Они миновали южные Поля Изобилия; людаки собирали по дороге плоды непревзойденного алкоголя и серотониновых драгов, опутав Гжеся застольным вектором, и он делал вид, что ест.
На гладком металле мехов шкворчало лимонное солнце. Жужжали насекомые, микродроны[134], меха-фэйри[135] – не отличить.
– Ханы все так же не хотят сыпать манну с неба?

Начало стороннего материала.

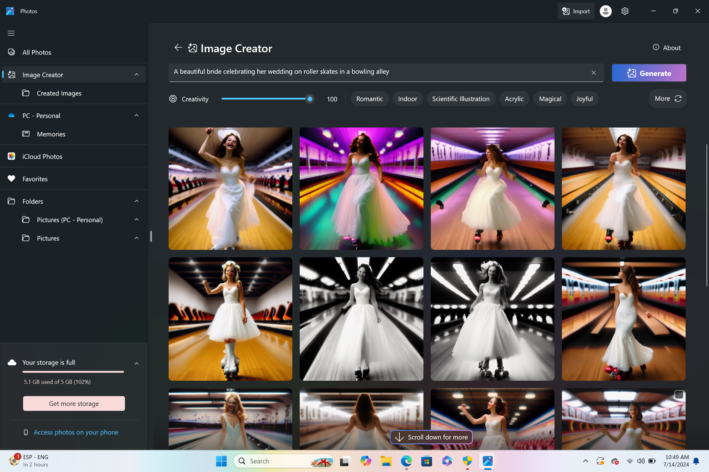 Görsel Üretici özelliği yardımıyla sıfırdan bir görsel de üretmek mümkün. “Evliliğini bowling salonunda paten giyerken kutlayan güzel bir gelin” istemi bizlere aşağıdaki neticeleri verdi.
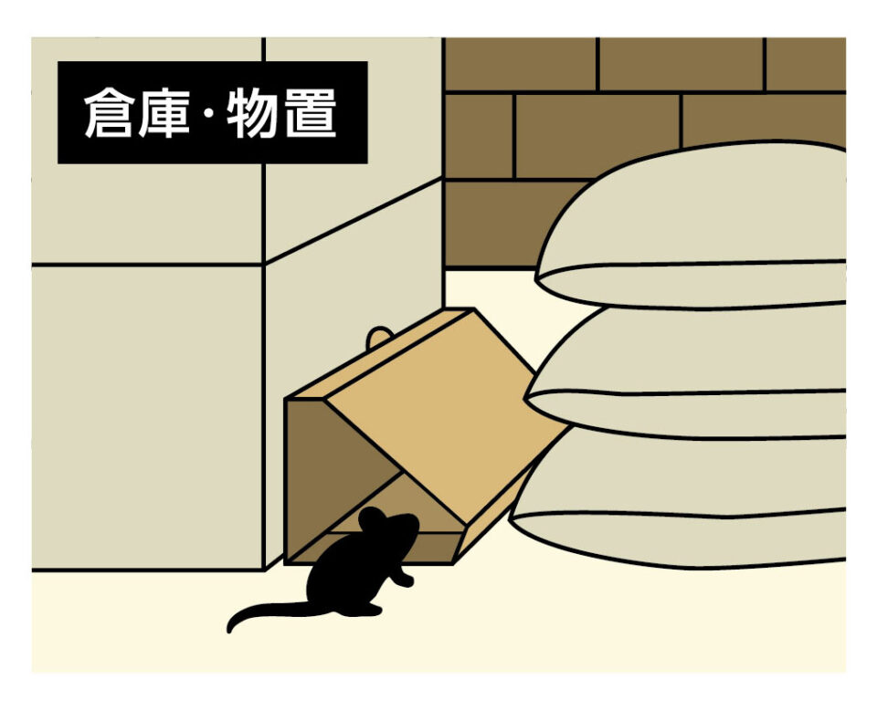 設置前に、ネズミのエサや巣の材料になるものを片付けて空間を綺麗にします。
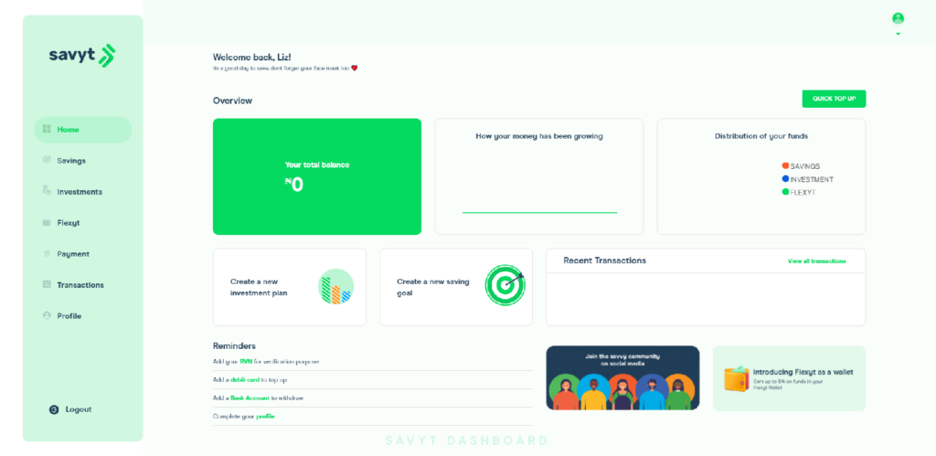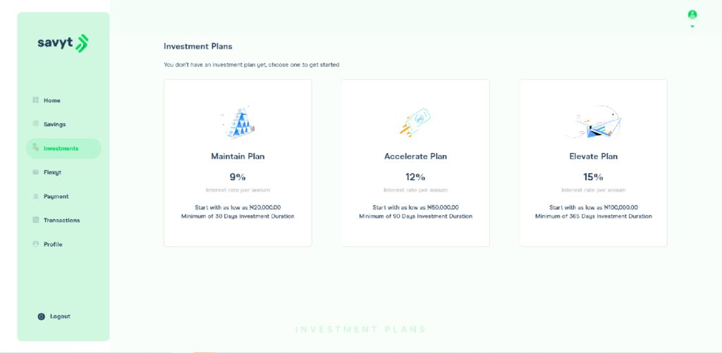 Savyt, a digital savings and investment platform has launched operations with the goal of helping Nigerians earn better returns on their savings and investment. With the inflation rate in Nigeria averaging 12% over a 10-year period and economic growth at a meager 2.2%, the dwindling macro-economic conditions have seriously impacted the wealth of Nigerians. Nigeria has faced two recessions in four years. This has reduced the earning power of the population and put a lot more Nigerians below the poverty line. As a result of these less-than-ideal conditions, it has become difficult for Nigerians to save given the increased loss of jobs and irregularity of income. For the few that are able to save, inflation and risk-adjusted returns are very hard to come by, while investment options are very concentrated in low yielding money market and government securities. Savyt was launched to fill this gap. Savyt is an online platform that connects Nigerians to relatively low-risk and high-yield investment opportunities that helps to protect them from the debilitating effects of inflation and currency devaluation. Its platform employs world-class customer data security and authentication standards while collections and payments are processed by a PCI-DSS certified payments company. Savyt dashboard The platform currently has four products namely: Target Savings, Maintain, Accelerate and Elevate Plans. Subscribers will have the opportunity to earn up to 15% per annum on their investments and are assured of the safety of their funds as all deposits are held by a CBN licensed financial institution. Savyt savings plan Savyt investment plan As Nigeria and most countries around the world exit the pandemic induced global recession, it is imperative that the national savings rate (estimated at 23% by the World Bank as of 2019) is increased to a level that ensures adequate capital is available locally to fund economic growth and lift Nigerians out of poverty. With the ubiquity of mobile phones, the ever-increasing internet penetration, and advancements in payment infrastructure, more Nigerians are adopting new financial innovations that better serve their purposes. Speaking on the launch of Savyt, Muyiwa Babarinde the company’s Head of Growth & Marketing noted that “Nigeria’s fintech ecosystem has witnessed a lot of innovation in the past few years, however, there is still a lot of room for growth. At Savyt, we intend to contribute to the economic growth of Nigeria by providing a range of savings and investment products that help Nigerians retain and grow wealth. Our goal is to help more Nigerians imbibe a good savings & investment culture, the ripple effect of this will be an increase in the country’s economic growth.’’ Nigeria’s Central Bank has introduced several initiatives to improve inclusion since the launch of its 2012 Financial Inclusion Framework including: Agency Banking, Tiered Know-Your-Customer requirements, Financial literacy and Mobile Money. The launch of Savyt at this time in the evolution of Nigeria’s Fintech industry is intended to ride on the back of a supportive regulatory environment to drive innovation in savings, and ultimately improve Nigeria’s savings culture. Savyt is currently available via a web app, and you can kickstart a secure and profitable financial journey by setting up an account and creating a savings or investment plan.
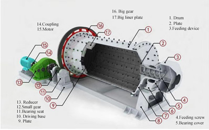 和干式球磨机的外形和部件基本相同,筒体为圆柱形,结构主要包括给料部、出料部、回转部、传动部(减速机,小传动齿轮,电机,电控)等。

«Шмитт-4» покачал угловатой головой.
– Сам знаешь, что были попытки. Но экономика сверхизобилия [136] не работает по кусочку, в частичных вариантах, немного безграничности тут и немного ограниченности там. Нужно войти в нее на сто процентов, как вы тут, – он эмотировал в сторону Полей. – И тогда возникает проблема масштаба; для таких селений по несколько сотен людаков и самое большее на двести квадратных километров – окей, на подобный провинциальный размах она, может, и сдаст экзамен. Но не на весь мир.
– Таких попыток не было.
Дагеншелл толкнул Гжеся стальной лапищей, так что «Аль-аср» едва не опрокинулся.